For vector valued functions \(u\) the value function \(g\) can be a UFL vector or a list. In the later case a component of None
can be used to describe components which are not to be constrained by the boundary condition.
[1]:
from matplotlib import ticker
from dune.fem.plotting import plotComponents
import numpy, io
from dune.grid import structuredGrid as leafGridView
from dune.fem.space import lagrange as solutionSpace
from dune.fem.scheme import galerkin as solutionScheme
from dune.fem.function import gridFunction, integrate, uflFunction
from dune.ufl import DirichletBC, Constant
from ufl import TestFunction, TrialFunction, SpatialCoordinate,\
dx, ds, grad, inner, sin, pi
gridView = leafGridView([0, 0], [1, 1], [4, 4])
vecSpace = solutionSpace(gridView, dimRange=2, order=2)
x = SpatialCoordinate(vecSpace)
vec = vecSpace.interpolate([0,0], name='u_h')
uVec,vVec = TrialFunction(vecSpace), TestFunction(vecSpace)
a = inner(grad(uVec), grad(vVec)) * dx
a += ( ( 10*(1-2*uVec[1])+uVec[0] ) * vVec[0] +\
( 10*sin(2*pi*x[1]) + (1-2*uVec[0])**2*uVec[1] ) * vVec[1]
) * dx
# Define Dirichlet boundary conditions for first component on all boundaries
bc = DirichletBC(vecSpace,[sin(2*pi*(x[0]+x[1])),None])
vecScheme = solutionScheme( [a == 0, bc],
parameters={"newton.linear.tolerance": 1e-9} )
vecScheme.solve(target=vec)
plotComponents(vec, gridLines=None, level=2,
colorbar={"orientation":"horizontal", "ticks":ticker.MaxNLocator(nbins=4)})

To prescribe \(u_2=1\) at the bottom boundary is also straightforward
[2]:
bcBottom = DirichletBC(vecSpace,[sin(2*pi*(x[0]+x[1])),1],x[1]<1e-10)
vecScheme = solutionScheme( [a == 0, bc, bcBottom],
parameters={"newton.linear.tolerance": 1e-9} )
vecScheme.solve(target=vec)
plotComponents(vec, gridLines=None, level=2,
colorbar={"orientation":"horizontal", "ticks":ticker.MaxNLocator(nbins=4)})

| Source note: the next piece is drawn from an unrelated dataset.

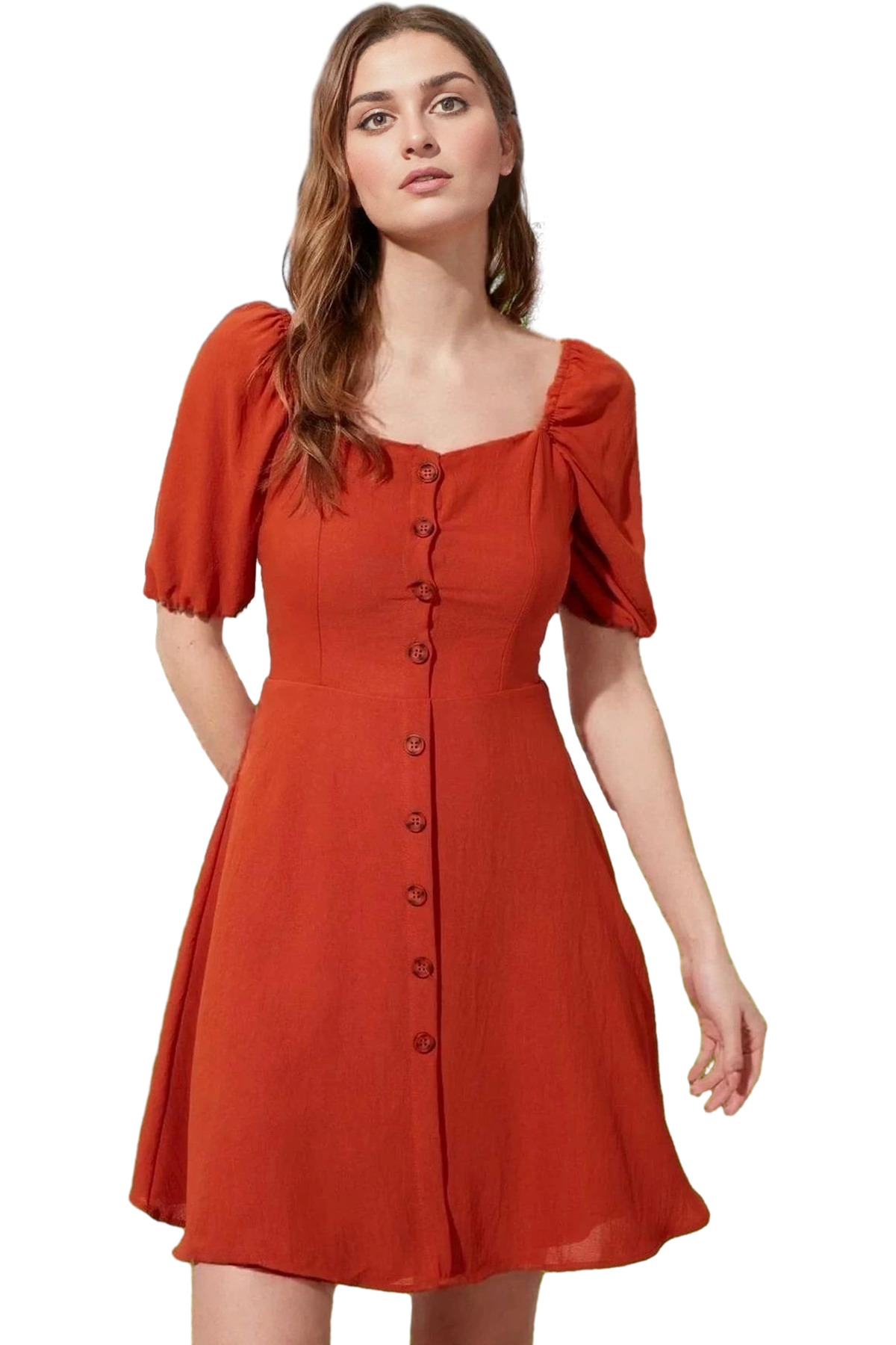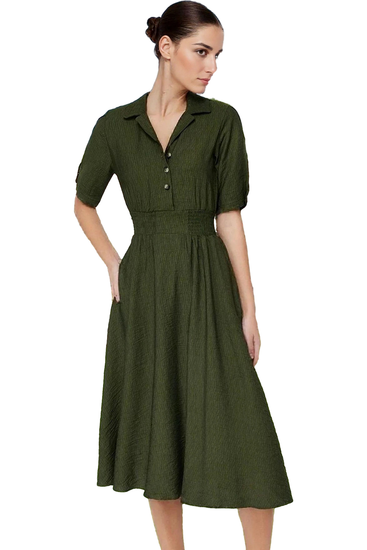 A Kesim Gipeli Midi Elbise Balon Kol Viskoz Günlük Kombin Uzun Ömürlü Özenle Seçilmiş Mükemmel Uyum

We can also use general grid functions (including discrete functions) for the boundary conditions in the same way we could use grid functions anywhere within the UFL forms. We could for example fix the boundary values of the first component using the discrete solution from # the previous computation by writing bc = DirichletBC(vecSpace,[vec[0],None])
Since this would just be an approximation to the actual boundary condition the overall results would not be identical to the previous version.
We therefore do not use the discrete solution to describe the boundary conditions but instead use other forms of grid functions. The following two code snippets lead to the same results as above:
[3]:
test = vec.copy()
test.clear()
@gridFunction(gridView ,name="bnd",order=2)
def bnd(x):
return [numpy.sin(2*numpy.pi*(x[0]+x[1])),1]
bcBottom = DirichletBC(vecSpace,bnd,x[1]<1e-10)
vecScheme = solutionScheme( [a == 0, bc, bcBottom],
parameters={"newton.linear.tolerance": 1e-9} )
vecScheme.solve(target=test)
plotComponents(test, gridLines=None, level=2,
colorbar={"orientation":"horizontal", "ticks":ticker.MaxNLocator(nbins=4)})
assert sum([ abs(td-vd) for td,vd in zip(test.dofVector, vec.dofVector)] ) /\
len(vec.dofVector) < 1e-8

As with other grid functions we can also use C++ code snippets. to define the Dirichlet conditions.
Accessing the Dirichlet degrees of freedom
We provide a few method, to apply or otherwise access information about the Dirichlet constraints from an existing scheme.
The following shows how to set all degrees of freedom on the Dirichlet boundary to zero. For a more realistic example see the second approach in the section on solving Dirichlet Eigenvalue problems.
[4]:
dc = vecScheme.dirichletBlocks
for i,block in enumerate(dc): # a block is of size `dimRange`
for j,b in enumerate(block): # iterate over the block
# 'b' is the `id` of the boundary as described below
if b > 0: # if b>0 it's a boundary
vec.dofVector[i*len(block)+j] = 0 # set all Dirichlet dofs to 0
We have set all degrees of freedom on the boundary to zero. In this example the Dirichlet boundary was specified by the two DirichletBC
instances bc
and bcBottom
. The first specified that for the first component the whole boundary was Dirichlet while specifying nothing for the second component. The second then set Dirichlet conditions for the second component along the lower boundary. Consequently, the solution should now be zero along the whole boundary in the first component, and
zero along the lower boundary for the second:
[5]:
plotComponents(vec, gridLines=None, level=2,
colorbar={"orientation":"horizontal", "ticks":ticker.MaxNLocator(nbins=4)})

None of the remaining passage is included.